- EXERCISE -
Without including any pictures, write out the data below exactly.

- COLLECTED DATA -
┌──

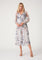 A floral mesh midi dress with a v-neckline, long sleeves, and a smocked waist. Includes a slip that has adjustable straps.
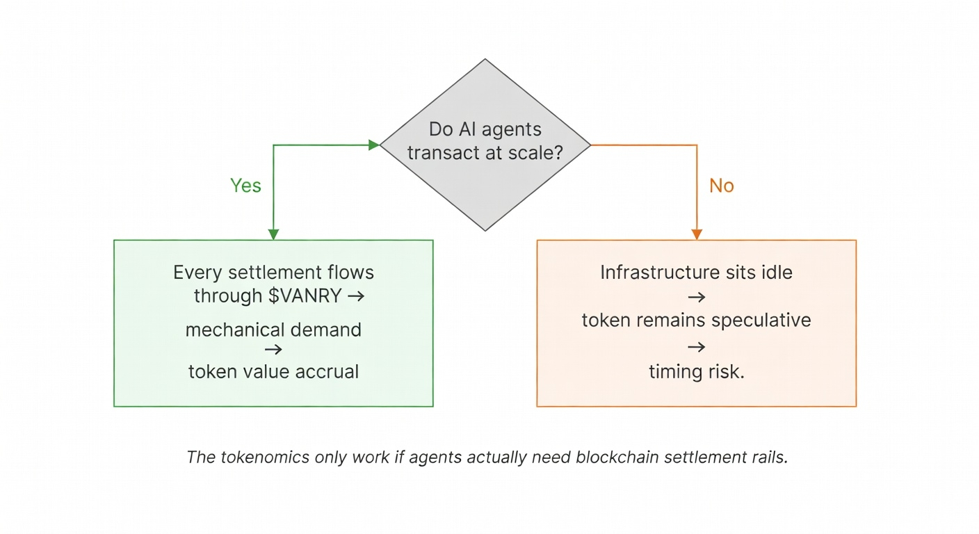 if agents actually transact at scale, every payment and every settlement touches Vanry. that's not governance theater. that's mechanical demand tied to usage. more agents running, more VANrY flowing thrrough the pipes.
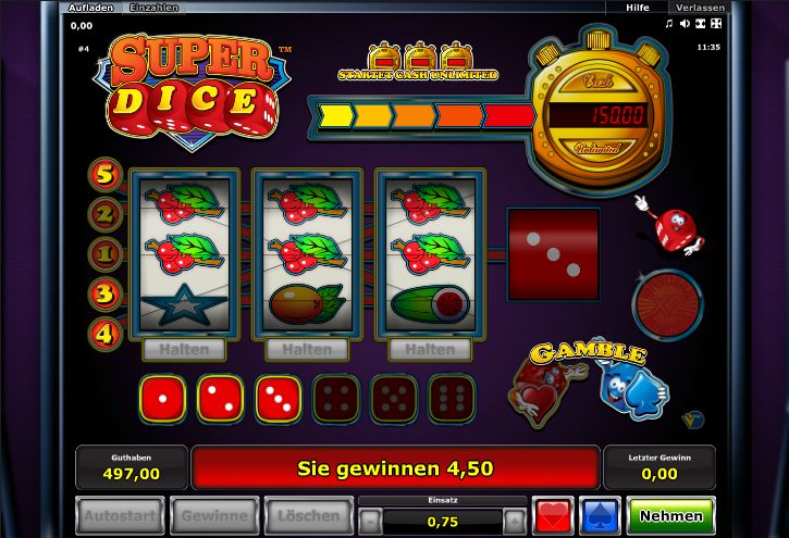 Würfel sollen dir bei Super Dice helfen, jede Menge Freispiele zu gewinnen. Du kriegst immer so viele kostenlose Runden ausgespielt, wie Augen auf den Würfeln zu erkennen sind – pro Partie also maximal sechs. Auch an dieser Stelle werden Novoline Fans nicht gleich Luftsprünge machen; bis zu dem Augenblick, wo ihnen die Multiplikatoren offenbart werden. Zufallsgewinne gibt es im Spiel ebenfalls. Die Stoppuhr ist das Motiv, das dich mit Sonderzahlungen versorgt. Um das Automatenspiel testen zu können, brauchst du nichts weiter als einen Account im Stargames Casino.

└──

- ANSWER SPACE -
 A floral mesh midi dress with a v-neckline, long sleeves, and a smocked waist. Includes a slip that has adjustable straps.
 if agents actually transact at scale, every payment and every settlement touches Vanry. that's not governance theater. that's mechanical demand tied to usage. more agents running, more VANrY flowing thrrough the pipes.
 Würfel sollen dir bei Super Dice helfen, jede Menge Freispiele zu gewinnen. Du kriegst immer so viele kostenlose Runden ausgespielt, wie Augen auf den Würfeln zu erkennen sind – pro Partie also maximal sechs. Auch an dieser Stelle werden Novoline Fans nicht gleich Luftsprünge machen; bis zu dem Augenblick, wo ihnen die Multiplikatoren offenbart werden. Zufallsgewinne gibt es im Spiel ebenfalls. Die Stoppuhr ist das Motiv, das dich mit Sonderzahlungen versorgt. Um das Automatenspiel testen zu können, brauchst du nichts weiter als einen Account im Stargames Casino.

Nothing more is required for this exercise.